- **EXERCISE DIRECTIONS**
From the entries below, print exactly the span beginning with the line holding "TANLEY krammen 1-CT306T" and ending with the line holding "Not only does", endpoints included, and skip any pictures.

- **RECORDS SHOWN**

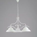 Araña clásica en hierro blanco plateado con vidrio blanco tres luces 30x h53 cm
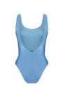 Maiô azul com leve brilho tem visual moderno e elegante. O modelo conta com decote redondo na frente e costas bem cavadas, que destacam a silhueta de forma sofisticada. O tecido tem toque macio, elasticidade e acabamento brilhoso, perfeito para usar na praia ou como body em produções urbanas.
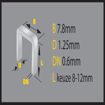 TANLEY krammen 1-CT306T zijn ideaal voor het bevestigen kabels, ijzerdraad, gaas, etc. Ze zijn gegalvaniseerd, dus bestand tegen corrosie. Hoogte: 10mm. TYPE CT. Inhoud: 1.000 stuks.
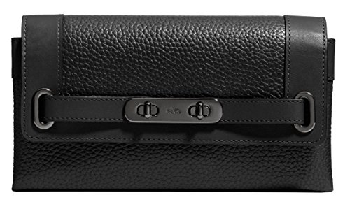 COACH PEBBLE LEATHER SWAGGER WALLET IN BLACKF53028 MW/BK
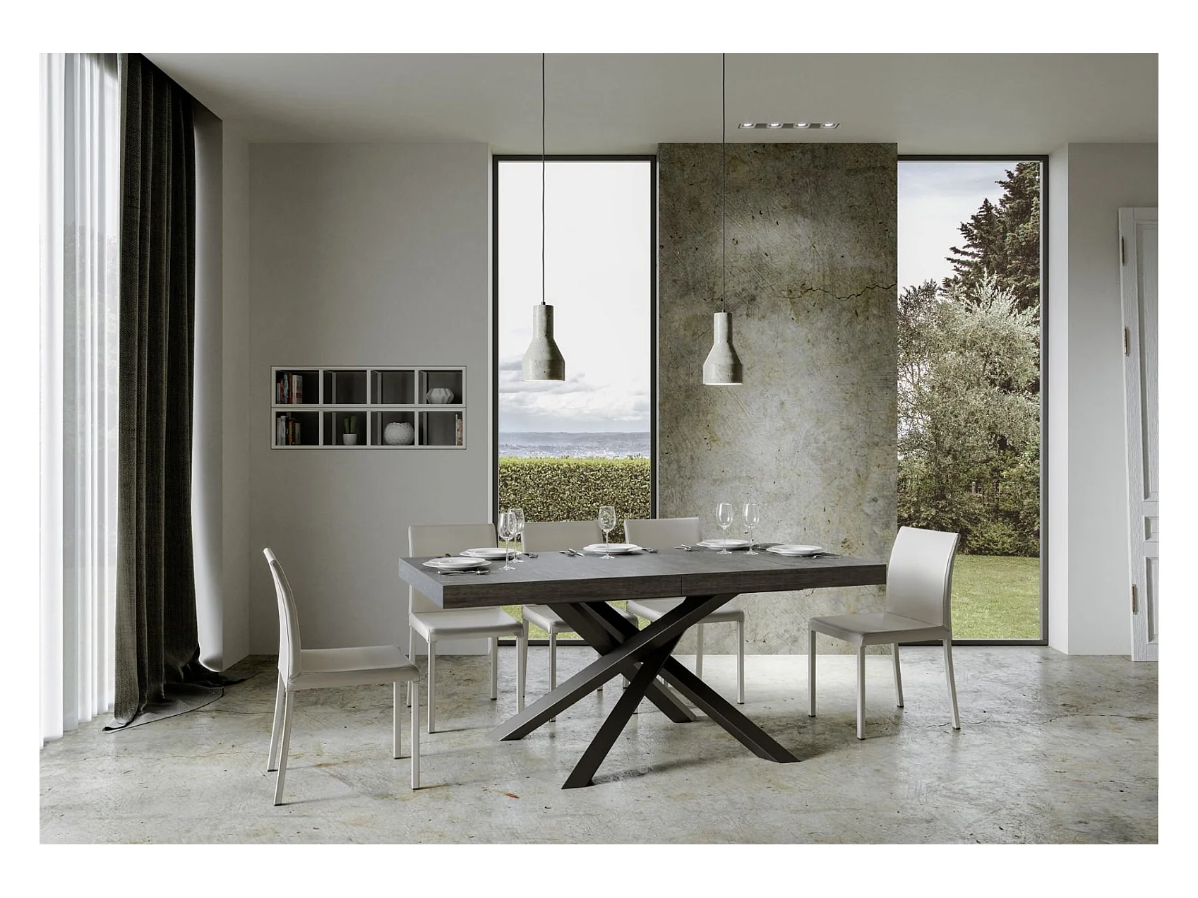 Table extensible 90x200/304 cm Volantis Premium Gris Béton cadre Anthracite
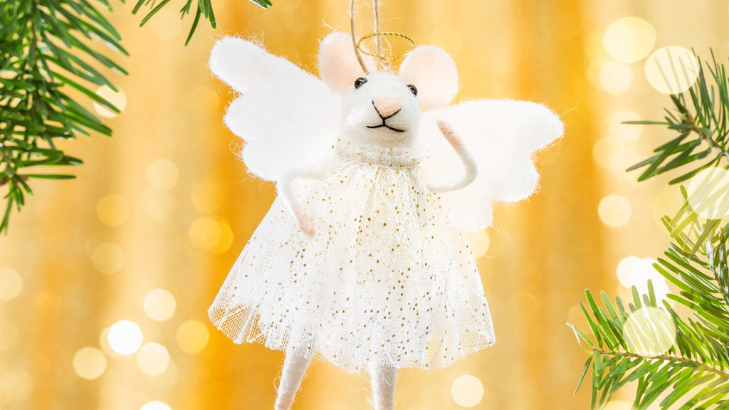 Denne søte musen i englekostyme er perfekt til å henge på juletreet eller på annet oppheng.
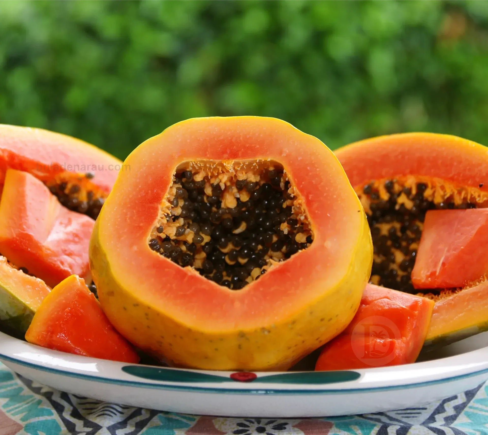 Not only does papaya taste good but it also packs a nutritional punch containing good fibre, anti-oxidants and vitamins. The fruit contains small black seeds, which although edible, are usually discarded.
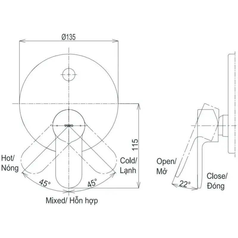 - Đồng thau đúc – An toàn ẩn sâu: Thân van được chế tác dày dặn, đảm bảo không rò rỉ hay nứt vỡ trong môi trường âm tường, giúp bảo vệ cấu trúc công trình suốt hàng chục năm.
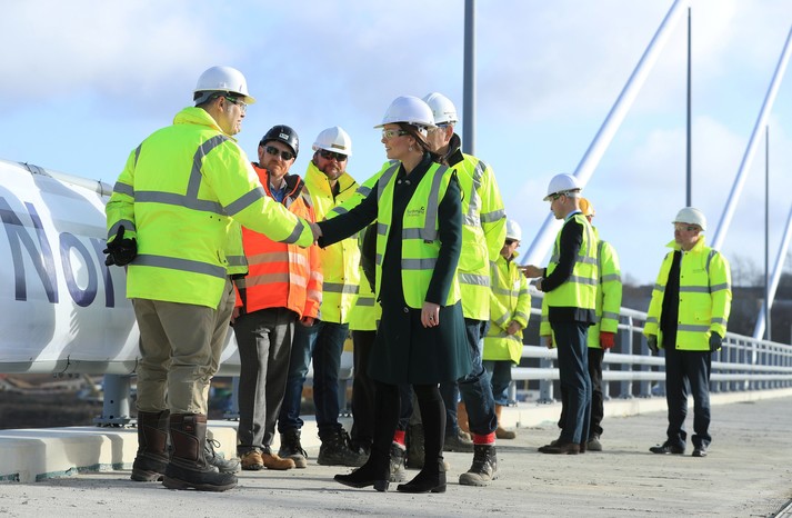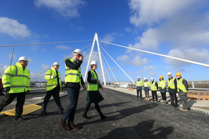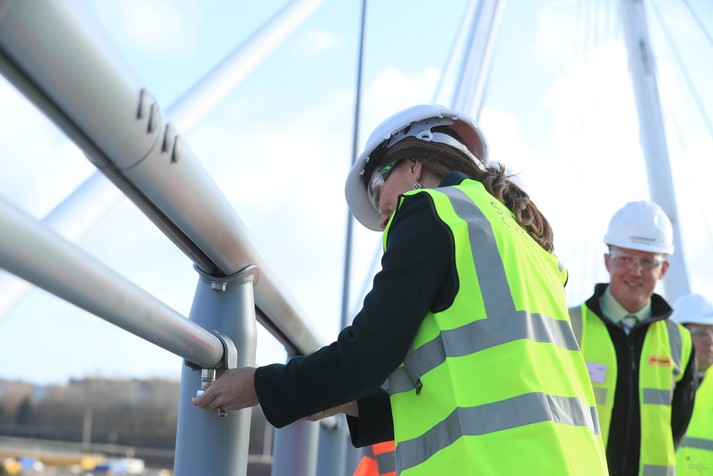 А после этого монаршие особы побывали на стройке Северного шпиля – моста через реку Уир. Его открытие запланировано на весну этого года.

- **FINISHED TASK**
 TANLEY krammen 1-CT306T zijn ideaal voor het bevestigen kabels, ijzerdraad, gaas, etc. Ze zijn gegalvaniseerd, dus bestand tegen corrosie. Hoogte: 10mm. TYPE CT. Inhoud: 1.000 stuks.
 COACH PEBBLE LEATHER SWAGGER WALLET IN BLACKF53028 MW/BK
 Table extensible 90x200/304 cm Volantis Premium Gris Béton cadre Anthracite
 Denne søte musen i englekostyme er perfekt til å henge på juletreet eller på annet oppheng.
 Not only does papaya taste good but it also packs a nutritional punch containing good fibre, anti-oxidants and vitamins. The fruit contains small black seeds, which although edible, are usually discarded.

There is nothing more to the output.